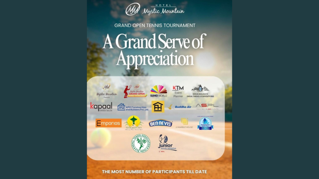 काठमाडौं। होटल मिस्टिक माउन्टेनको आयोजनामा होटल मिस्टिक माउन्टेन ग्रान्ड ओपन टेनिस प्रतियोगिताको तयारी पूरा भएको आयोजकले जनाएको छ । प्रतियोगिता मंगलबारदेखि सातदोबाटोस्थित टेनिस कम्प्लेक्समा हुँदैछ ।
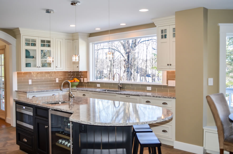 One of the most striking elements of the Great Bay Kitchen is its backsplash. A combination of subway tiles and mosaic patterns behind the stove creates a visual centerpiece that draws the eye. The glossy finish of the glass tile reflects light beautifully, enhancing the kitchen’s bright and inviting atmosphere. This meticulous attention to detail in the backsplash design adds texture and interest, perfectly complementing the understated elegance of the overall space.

================

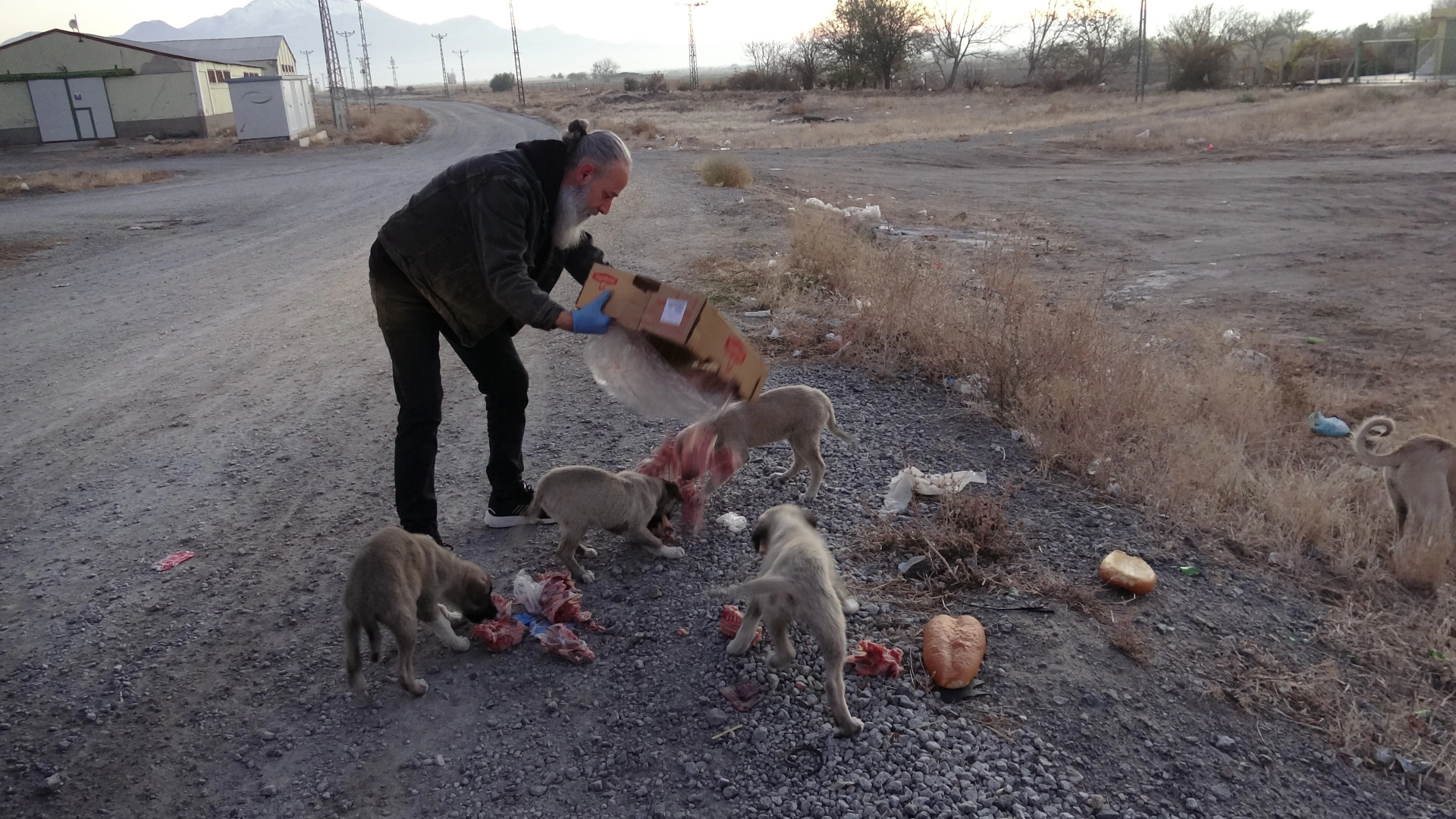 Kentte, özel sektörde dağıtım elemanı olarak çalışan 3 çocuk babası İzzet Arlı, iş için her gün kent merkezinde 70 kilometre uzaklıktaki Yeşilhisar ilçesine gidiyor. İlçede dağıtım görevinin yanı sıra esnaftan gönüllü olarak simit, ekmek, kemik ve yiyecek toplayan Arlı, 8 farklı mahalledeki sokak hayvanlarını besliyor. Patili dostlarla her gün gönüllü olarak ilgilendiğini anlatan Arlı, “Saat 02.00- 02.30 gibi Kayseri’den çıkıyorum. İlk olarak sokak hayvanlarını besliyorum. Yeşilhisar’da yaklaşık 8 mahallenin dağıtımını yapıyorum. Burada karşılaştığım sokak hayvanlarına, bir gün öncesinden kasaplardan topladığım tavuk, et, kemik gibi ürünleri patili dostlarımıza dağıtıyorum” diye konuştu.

================

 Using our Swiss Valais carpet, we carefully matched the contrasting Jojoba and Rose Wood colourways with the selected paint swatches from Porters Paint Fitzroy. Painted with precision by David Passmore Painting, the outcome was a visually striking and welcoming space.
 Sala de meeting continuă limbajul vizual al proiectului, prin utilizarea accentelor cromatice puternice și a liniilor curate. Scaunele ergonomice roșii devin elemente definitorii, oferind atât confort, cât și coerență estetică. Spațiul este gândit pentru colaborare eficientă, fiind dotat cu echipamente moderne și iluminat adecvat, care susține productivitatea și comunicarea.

================

[Problem statement]:
Output exactly those lines of the data above that run from the line with "काठमाडौं। होटल मिस्टिक" up to and including the line with "One of the most". No pictures go in.

[Task result]:
 काठमाडौं। होटल मिस्टिक माउन्टेनको आयोजनामा होटल मिस्टिक माउन्टेन ग्रान्ड ओपन टेनिस प्रतियोगिताको तयारी पूरा भएको आयोजकले जनाएको छ । प्रतियोगिता मंगलबारदेखि सातदोबाटोस्थित टेनिस कम्प्लेक्समा हुँदैछ ।
 One of the most striking elements of the Great Bay Kitchen is its backsplash. A combination of subway tiles and mosaic patterns behind the stove creates a visual centerpiece that draws the eye. The glossy finish of the glass tile reflects light beautifully, enhancing the kitchen’s bright and inviting atmosphere. This meticulous attention to detail in the backsplash design adds texture and interest, perfectly complementing the understated elegance of the overall space.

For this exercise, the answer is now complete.